▶ [Source information]:

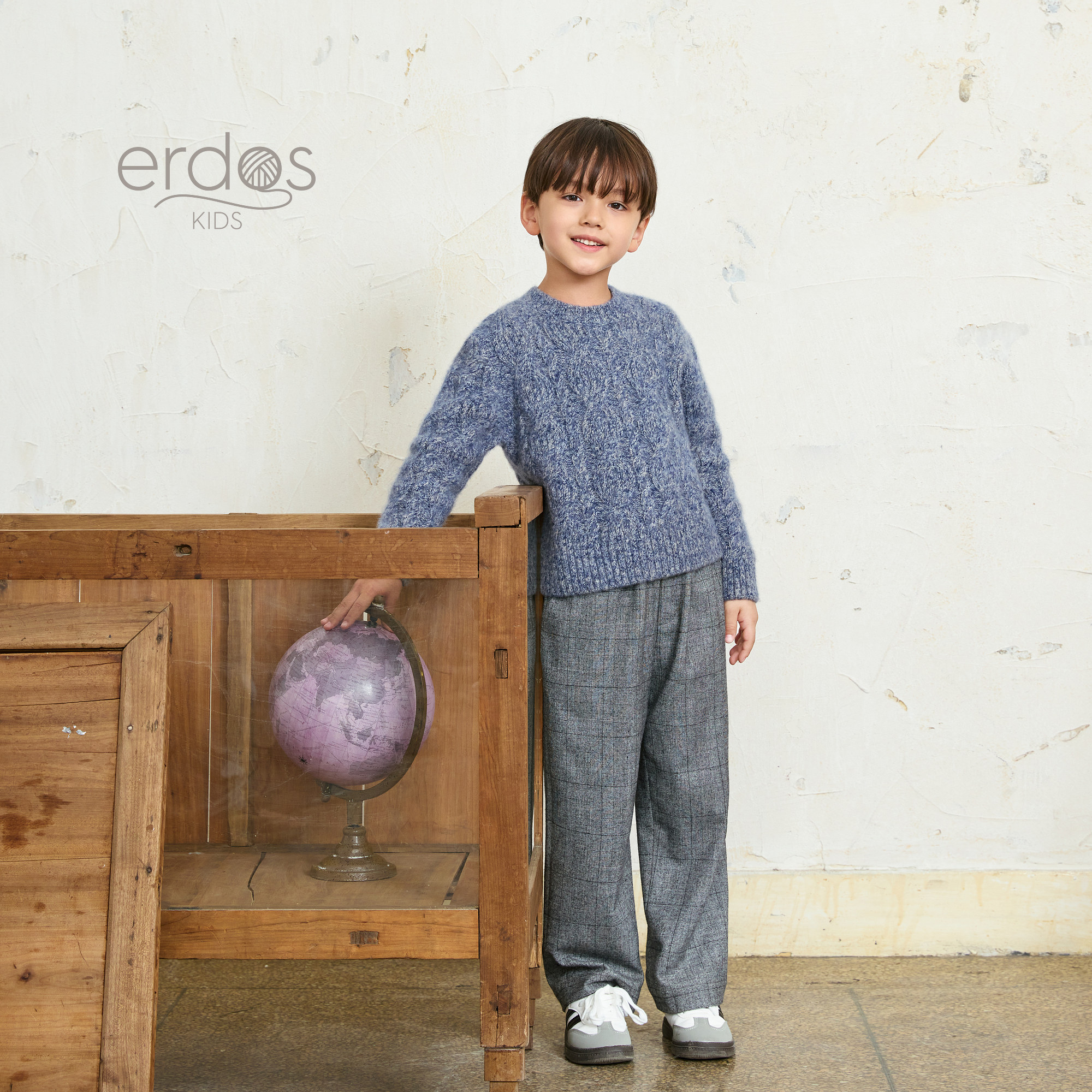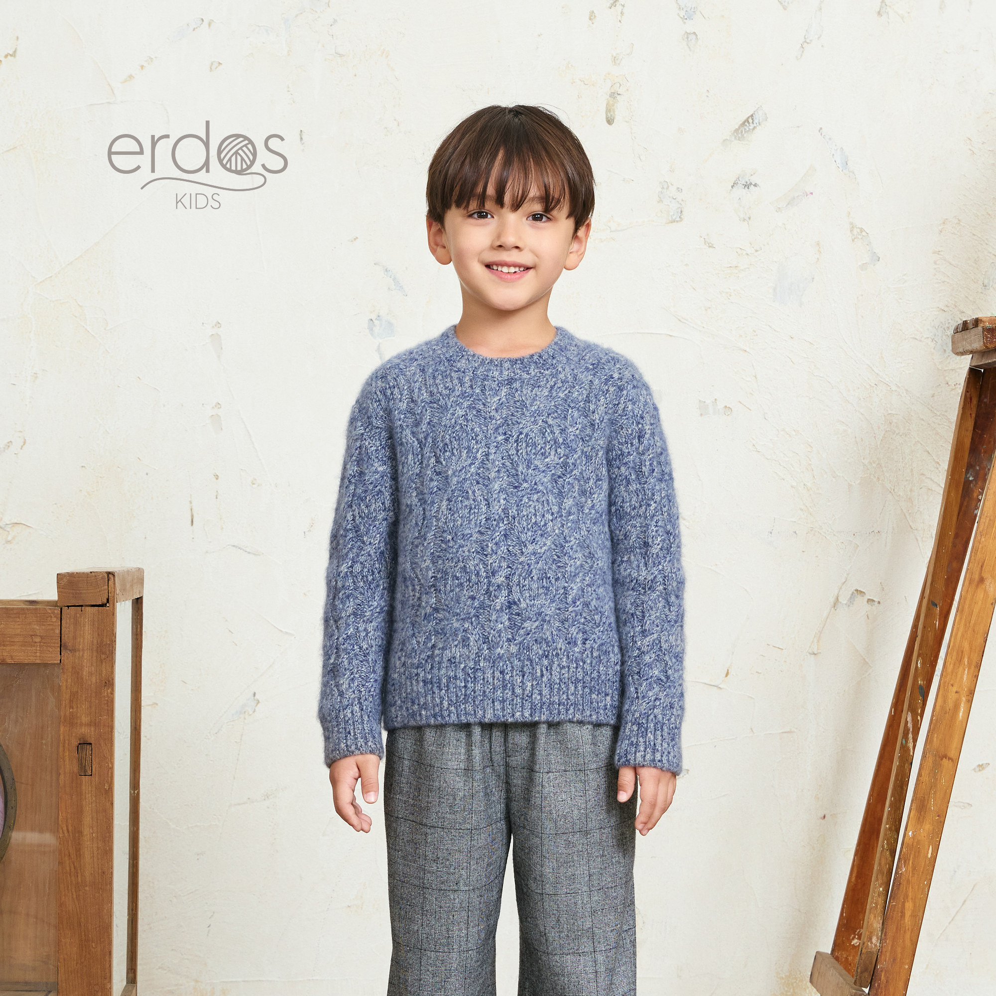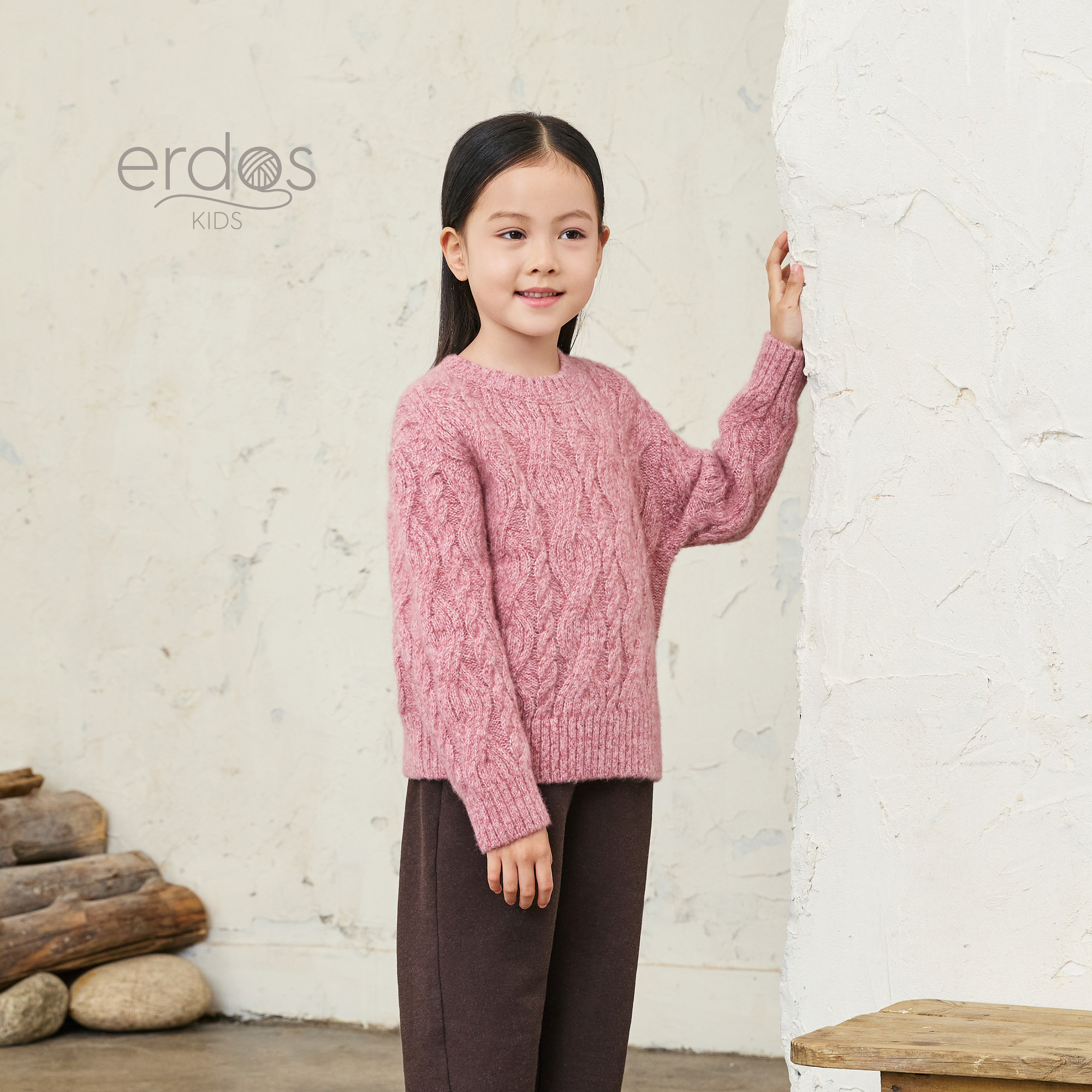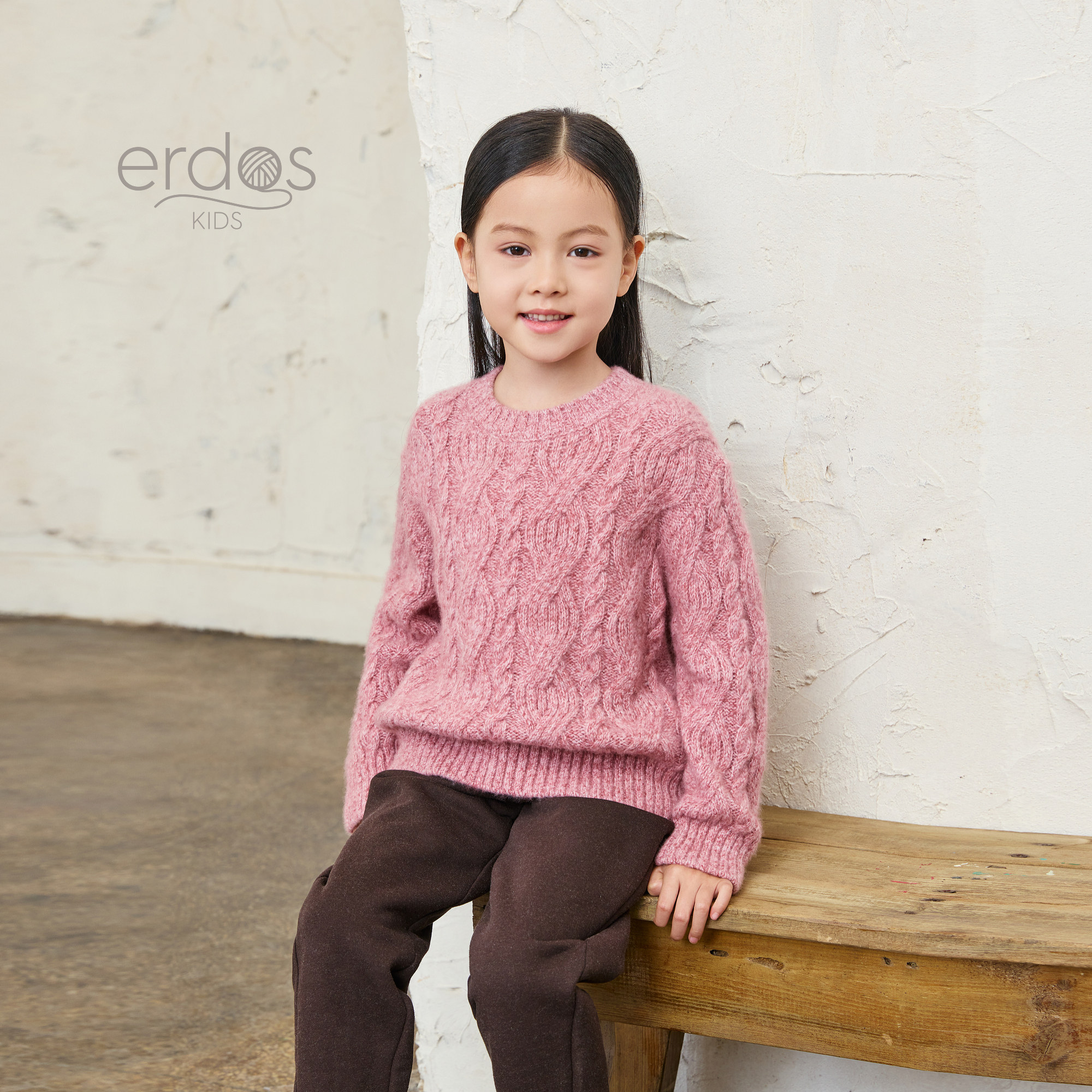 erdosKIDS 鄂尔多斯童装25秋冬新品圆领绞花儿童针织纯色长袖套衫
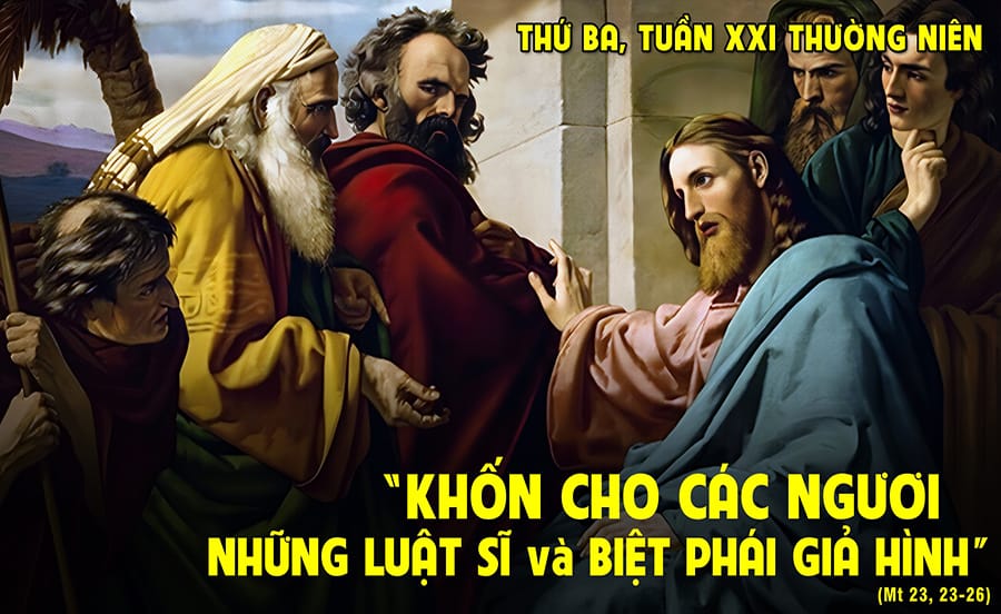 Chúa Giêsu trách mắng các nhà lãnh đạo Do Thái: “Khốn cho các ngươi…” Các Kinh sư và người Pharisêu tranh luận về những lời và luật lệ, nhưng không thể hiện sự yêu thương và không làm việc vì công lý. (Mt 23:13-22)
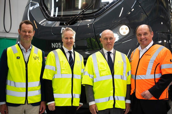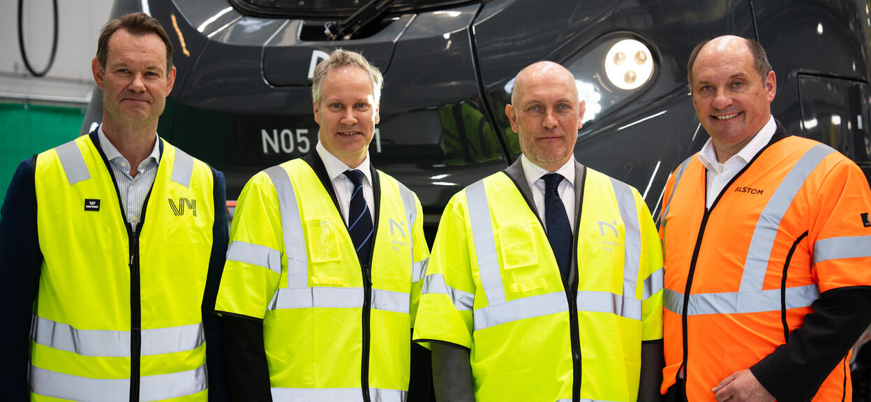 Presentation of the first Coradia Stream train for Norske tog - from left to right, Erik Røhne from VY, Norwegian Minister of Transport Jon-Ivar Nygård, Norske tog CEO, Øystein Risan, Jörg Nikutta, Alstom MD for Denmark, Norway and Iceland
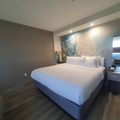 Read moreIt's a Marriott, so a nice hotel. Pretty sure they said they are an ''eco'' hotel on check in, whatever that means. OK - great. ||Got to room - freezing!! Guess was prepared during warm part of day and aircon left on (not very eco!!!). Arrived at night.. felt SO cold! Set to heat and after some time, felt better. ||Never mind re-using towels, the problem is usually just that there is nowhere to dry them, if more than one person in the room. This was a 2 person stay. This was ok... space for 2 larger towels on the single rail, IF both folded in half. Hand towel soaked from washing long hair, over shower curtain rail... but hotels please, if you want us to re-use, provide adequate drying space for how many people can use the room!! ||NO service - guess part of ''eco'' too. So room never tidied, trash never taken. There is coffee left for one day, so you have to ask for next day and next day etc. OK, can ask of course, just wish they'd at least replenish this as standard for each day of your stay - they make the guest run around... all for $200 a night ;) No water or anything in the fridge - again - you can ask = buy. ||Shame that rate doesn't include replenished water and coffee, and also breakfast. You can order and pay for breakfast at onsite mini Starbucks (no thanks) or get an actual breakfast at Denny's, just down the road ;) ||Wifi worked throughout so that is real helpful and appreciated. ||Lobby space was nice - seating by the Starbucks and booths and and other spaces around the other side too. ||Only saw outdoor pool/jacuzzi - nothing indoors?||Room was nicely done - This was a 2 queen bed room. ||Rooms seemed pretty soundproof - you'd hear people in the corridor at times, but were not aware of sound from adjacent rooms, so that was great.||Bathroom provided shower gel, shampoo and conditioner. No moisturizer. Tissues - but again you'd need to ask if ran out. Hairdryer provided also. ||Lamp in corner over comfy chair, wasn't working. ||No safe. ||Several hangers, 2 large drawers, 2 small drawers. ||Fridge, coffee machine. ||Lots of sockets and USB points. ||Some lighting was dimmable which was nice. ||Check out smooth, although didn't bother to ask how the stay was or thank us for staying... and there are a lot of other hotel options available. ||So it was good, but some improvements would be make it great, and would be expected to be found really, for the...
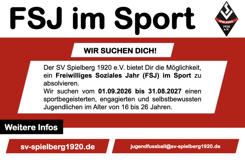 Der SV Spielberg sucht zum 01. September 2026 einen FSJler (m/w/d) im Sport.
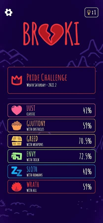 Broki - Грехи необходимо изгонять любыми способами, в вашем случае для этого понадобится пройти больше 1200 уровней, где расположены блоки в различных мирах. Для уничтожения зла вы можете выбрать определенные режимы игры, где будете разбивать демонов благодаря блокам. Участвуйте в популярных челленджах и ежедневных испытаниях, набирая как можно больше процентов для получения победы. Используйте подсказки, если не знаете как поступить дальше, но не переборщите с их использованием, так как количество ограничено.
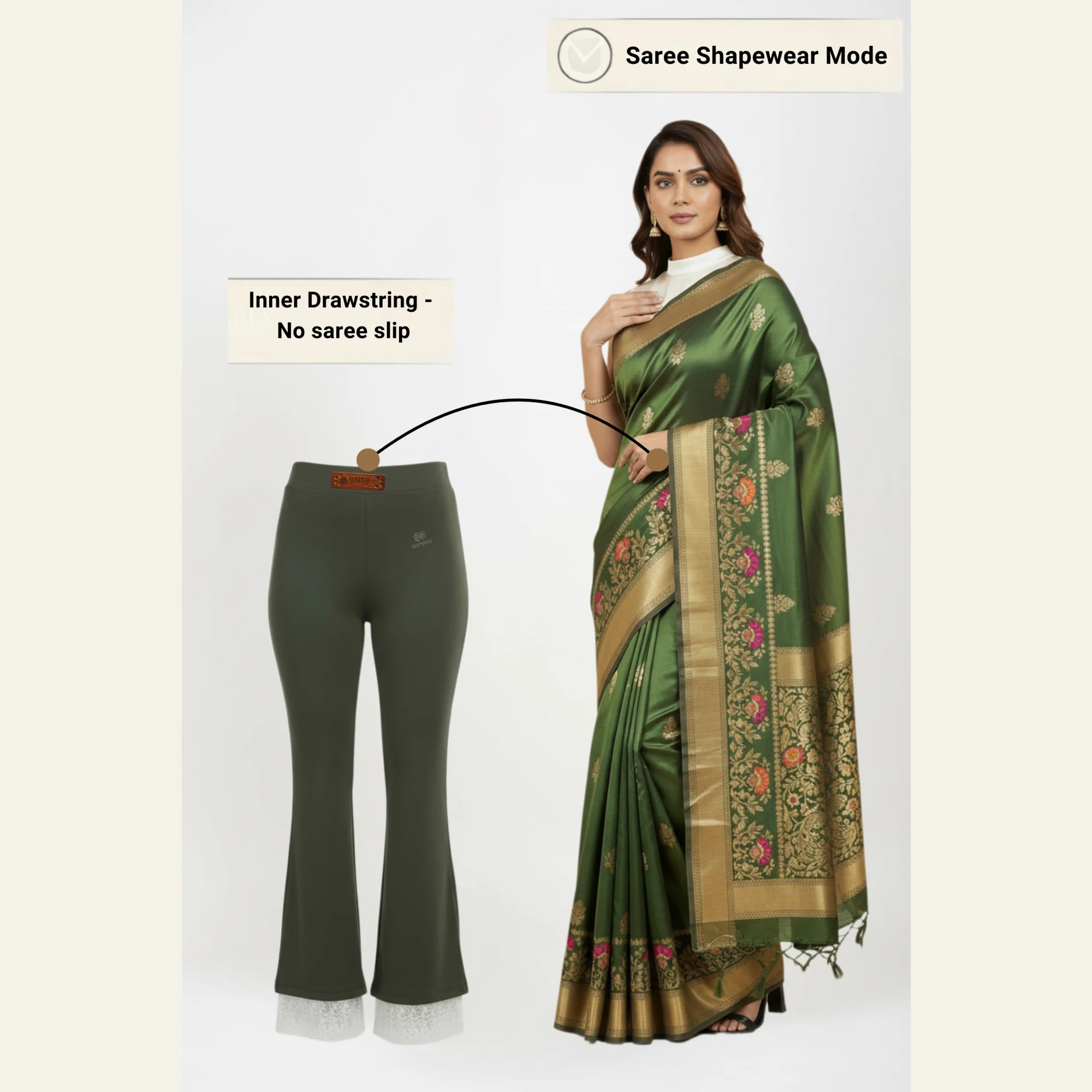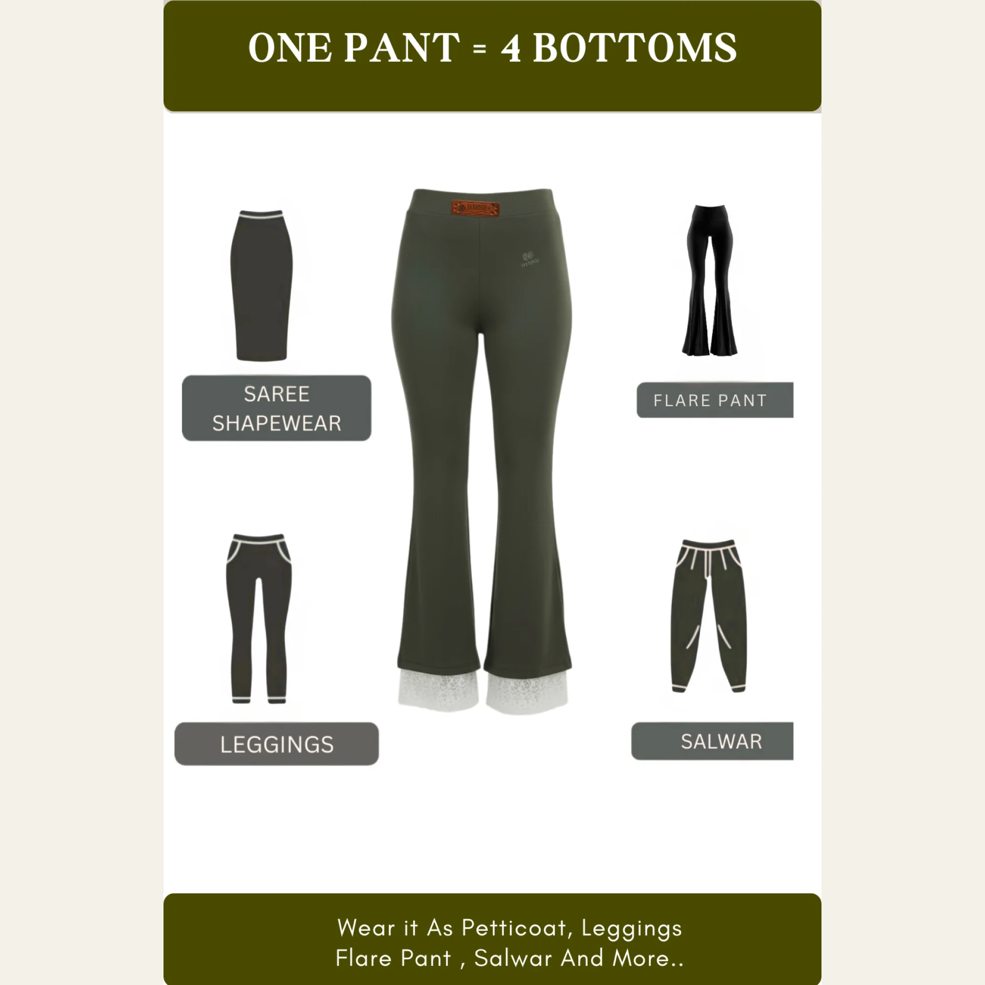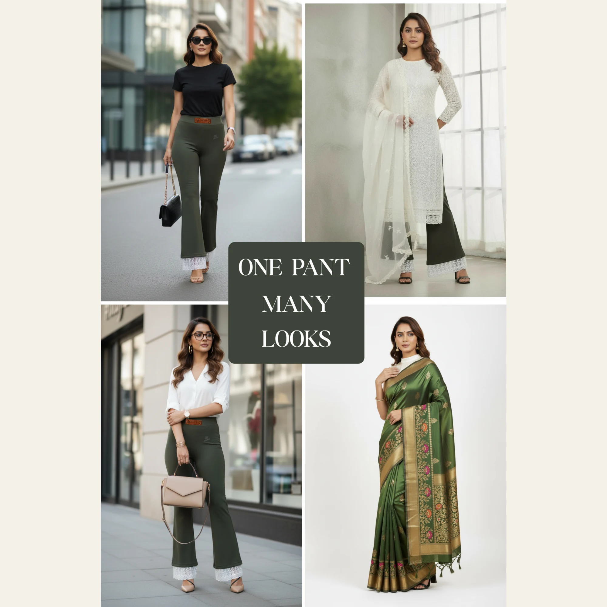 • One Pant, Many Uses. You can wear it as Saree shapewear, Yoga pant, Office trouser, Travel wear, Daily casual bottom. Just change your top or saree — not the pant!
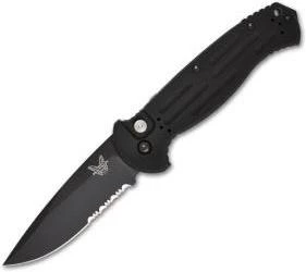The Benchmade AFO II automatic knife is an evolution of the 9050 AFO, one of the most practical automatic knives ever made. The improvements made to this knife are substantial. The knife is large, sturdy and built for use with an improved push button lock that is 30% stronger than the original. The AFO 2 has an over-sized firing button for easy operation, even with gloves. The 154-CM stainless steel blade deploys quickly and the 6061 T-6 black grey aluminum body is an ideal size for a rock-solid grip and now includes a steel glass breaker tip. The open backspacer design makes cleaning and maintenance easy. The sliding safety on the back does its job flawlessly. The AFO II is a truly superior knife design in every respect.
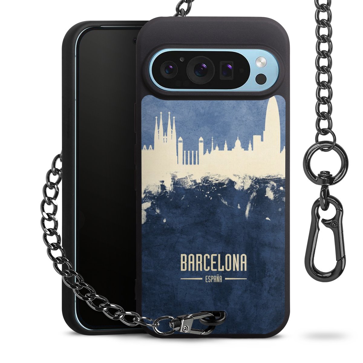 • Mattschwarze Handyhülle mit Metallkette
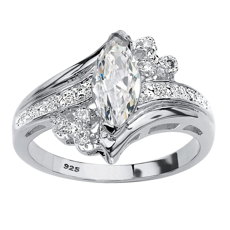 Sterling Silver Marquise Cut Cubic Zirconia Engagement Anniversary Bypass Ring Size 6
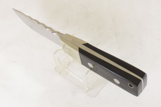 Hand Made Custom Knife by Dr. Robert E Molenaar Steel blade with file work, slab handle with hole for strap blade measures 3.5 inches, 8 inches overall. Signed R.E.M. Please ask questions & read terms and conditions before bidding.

▶ [What to work on]:
Starting at the line with "Chúa Giêsu trách" in the entries above, write out every line exactly until the line with "Presentation of the" has been written. Include no pictures and nothing more.

▶ [Answer for this exercise]:
 Chúa Giêsu trách mắng các nhà lãnh đạo Do Thái: “Khốn cho các ngươi…” Các Kinh sư và người Pharisêu tranh luận về những lời và luật lệ, nhưng không thể hiện sự yêu thương và không làm việc vì công lý. (Mt 23:13-22)
 Presentation of the first Coradia Stream train for Norske tog - from left to right, Erik Røhne from VY, Norwegian Minister of Transport Jon-Ivar Nygård, Norske tog CEO, Øystein Risan, Jörg Nikutta, Alstom MD for Denmark, Norway and Iceland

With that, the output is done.